The SOR (Successive Over-Relaxation) method uses Gauss-Seidel iteration with in-place updates. When computing x[i,j], the left neighbor x[i-1,j] has already been updated in the current sweep:

for (j = 1; j < ny - 1; j++) {
    for (i = 1; i < nx - 1; i++) {
        double p_new = -(rhs[idx]
            - (x[idx + 1] + x[idx - 1]) / dx2    // x[idx-1] already updated
            - (x[idx + nx] + x[idx - nx]) / dy2   // x[idx-nx] already updated
            ) * inv_factor;
        x[idx] = x[idx] + omega * (p_new - x[idx]);
    }
}

This creates a read-after-write dependency chain along the i-axis:

x[1] → x[2] → x[3] → x[4] → ...

AVX2 processes 4 doubles simultaneously, but value at index 2 needs the result from index 1, value at index 3 needs the result from index 2, etc.

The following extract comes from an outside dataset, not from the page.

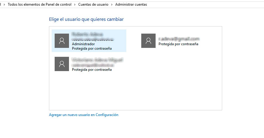 Depuis le panneau de contrôle, nous pouvons également savoir si nous allons à la section des comptes d’utilisateurs dans le panneau de contrôle et à partir de là, nous accédons à l’option Gérer les comptes . Là, nous pouvons trouver tous les comptes du système où nous pouvons vérifier si le nôtre a des privilèges spéciaux. Pour ce faire, le mot Administrateur doit apparaître juste en dessous du compte.

This read-after-write hazard prevents naive SIMD vectorization.

Block SOR Technique

Instead of processing cells one at a time, process SIMD_WIDTH consecutive cells as a single block:

  • AVX2: blocks of 4 cells (__m256d, 256-bit)
  • NEON: blocks of 2 cells (float64x2_t, 128-bit)

Dependency Analysis

For AVX2 with block size 4, processing cells [4k+1, 4k+2, 4k+3, 4k+4]:

Between blocks (satisfied):

  • Cell 4k+1 reads left neighbor x[4k] from the previous block
  • That value IS already updated and stored back to memory
  • The inter-block Gauss-Seidel dependency is fully preserved

Within a block (approximated):

  • Cell 4k+2 reads x[4k+1] — NOT yet updated (same SIMD operation)
  • Cell 4k+3 reads x[4k+2] — NOT yet updated
  • Cell 4k+4 reads x[4k+3] — NOT yet updated
  • These intra-block left-neighbor reads use stale (previous-iteration) values

Y-direction (satisfied):

  • Row j is processed only after row j-1 is completely swept
  • The bottom neighbor x[i,j-1] is always the correctly updated value
  • No approximation in the y-direction

Visualization

Row j, iteration n:

Scalar SOR (fully sequential):
  x[1]ⁿ⁺¹ ← uses x[0]ⁿ⁺¹ (BC)
  x[2]ⁿ⁺¹ ← uses x[1]ⁿ⁺¹ (fresh!)
  x[3]ⁿ⁺¹ ← uses x[2]ⁿ⁺¹ (fresh!)
  x[4]ⁿ⁺¹ ← uses x[3]ⁿ⁺¹ (fresh!)
  x[5]ⁿ⁺¹ ← uses x[4]ⁿ⁺¹ (fresh!)
  ...

Block SOR (SIMD_WIDTH=4):
  ┌─ SIMD block 0 ──────────────────────────┐
  │ x[1]ⁿ⁺¹ ← uses x[0]ⁿ⁺¹ (BC, fresh!)   │
  │ x[2]ⁿ⁺¹ ← uses x[1]ⁿ   (stale)        │
  │ x[3]ⁿ⁺¹ ← uses x[2]ⁿ   (stale)        │
  │ x[4]ⁿ⁺¹ ← uses x[3]ⁿ   (stale)        │
  └──────────────────────────────────────────┘
  ┌─ SIMD block 1 ──────────────────────────┐
  │ x[5]ⁿ⁺¹ ← uses x[4]ⁿ⁺¹ (fresh!)       │
  │ x[6]ⁿ⁺¹ ← uses x[5]ⁿ   (stale)        │
  │ x[7]ⁿ⁺¹ ← uses x[6]ⁿ   (stale)        │
  │ x[8]ⁿ⁺¹ ← uses x[7]ⁿ   (stale)        │
  └──────────────────────────────────────────┘

Convergence Impact

Block SOR behaves as a hybrid between Jacobi (all old values) and Gauss-Seidel (all fresh values):

Property Jacobi Block SOR (AVX2) Block SOR (NEON) Scalar SOR
Left-neighbor freshness 0% fresh 25% fresh (1/4) 50% fresh (1/2) 100% fresh
Bottom-neighbor freshness 0% fresh 100% fresh 100% fresh 100% fresh
Convergence per iteration Slowest Moderate Moderate-Fast Fastest
Parallelizability Full SIMD only SIMD only None

In practice:

  • Convergence rate is slightly slower than scalar SOR but significantly faster than Jacobi
  • The effect diminishes on larger grids (more inter-block steps relative to intra-block)
  • For NEON (width=2), the approximation is milder — only 1 of 2 left-neighbor reads is stale
  • May require ~10-20% more iterations than scalar SOR to reach the same residual tolerance

Why Not OpenMP on Rows

Unlike Jacobi or Red-Black SOR, Block SOR rows remain sequential. Row j depends on row j-1 being fully swept. Applying #pragma omp parallel for across rows would break the y-direction Gauss-Seidel dependency and degrade convergence to Jacobi-like behavior (or worse, introduce race conditions).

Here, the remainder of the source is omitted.